My parents raised horses and bred them for the derby’s, and when they weren’t tending to breed some of the strongest race horses together, they were running summer camps for children and teenagers. When I was growing up, people came from other states to enroll their children in the camp my parents ran, but when my dad got sick, the doctor told him he had to slow down some. He was diagnosed with congestive heart failure and promptly had a pacemaker put in, but he c
ouldn’t keep up the schedule he was used to. My mother and I tried to pick up the slack as much as we could, and even Flynn jumped in for a time while we were in college to help during the summers. But the three of us couldn’t pull the weight my dad used to, and the camps had to close themselves down around the time I graduated.
My mother kept breeding and raising the horses, and my father helped her with the feed and repaired the stalls when they needed repairing, but his health was slowly deteriorating, and with that deterioration came less and less he could do. Last summer they sold the back half of their ranch to help pay the bills. Twenty-eight acres of land sold back to the city so they could cultivate more living areas for the growing community college.

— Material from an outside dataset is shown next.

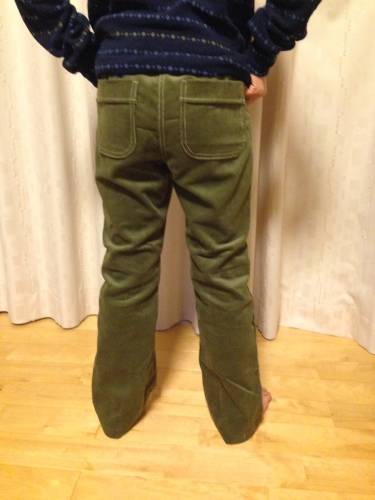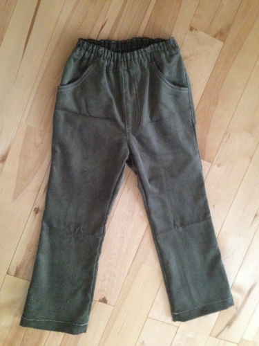 型紙 パターンレーベル セミワイドパンツ140布地 C&S コーデュロイ モスグリーン急に寒くなってきたので、着る服が足りないです。急いでパンツを縫いました。500円/mの布です。肉厚なので「あたたかいパンツ」と呼ばれています。直線、ロックミシンともに、針を14番に替え、糸は30番で縫いました。(以前同じ布の色違いで、何本も針を折った経験あり)同色の糸を買い足すこともなく、家にあるベージュ30番の糸で縫いました。気をつけたことは、脇にコバステッチをかけるときに、私はしょっちゅうポケットの袋布を、巻き込んで一緒に縫ってしまうので、前パンツに袋布をまち針で固定しておくこと。ゴム通しのとき、出口付近でゴムに逃げられ何度もやり直しさせられたので、ゴム通しにゴムを通したところを、しつけ糸で止めておくことをしました。・・・・・次女の保育園で、劇の練習がはじまりました。なんと長女が年長の時と同じ劇。懐かしい当時のDVDを出してきて、長女と次女と私で久しぶりに鑑賞しました。役くらいは違うものになるといいなぁと勝手に思っていたのですが、最初は違う役を希望していたのに、最終段階で本人の希望で同じ役に。どちらかというと、妹の方が大人で、姉の方が妹に甘えている我が家ですが、こんな場面に出会うと、そうか、姉のこと「憧れ」や「尊敬」の部分もあるのだなぁと思いました。毎日喧嘩したり、一緒に遊んだり。互いに大事な存在なんですね。
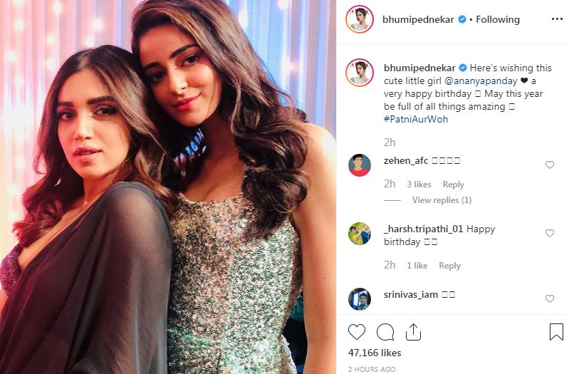 The 'Pati, Patni or Woh' co-star Bhumi Pednekar also wished by sharing a picture with her on Instagram, saying "Here's wishing this cute little girl @ananyapanday a very happy birthday. May this year be full of all things amazing #PatniAurWoh"

Granted, they still had twenty-eight acres of land between them and that construction going on, but it was the hardest decision my father ever made.
And to this day I think my mother regretted it.
I stood in the shade of the porch longer than I should have, and it wasn’t until the sun began to shine around the column that I realized I’d probably waited too late to walk in. But, I figured my parents would just now be stirring, and if I could get up the steps before they actually came out of their room downstairs, I’d still be home free and could dodge all the questions they might have. Sure, they knew I was going to the rodeo, and I’m a big girl who can stay out all night if I wanted to, but it wouldn't take them long to put two and two together once they realized Flynn “Bullheaded” Rawlings was being featured during the bull riding event.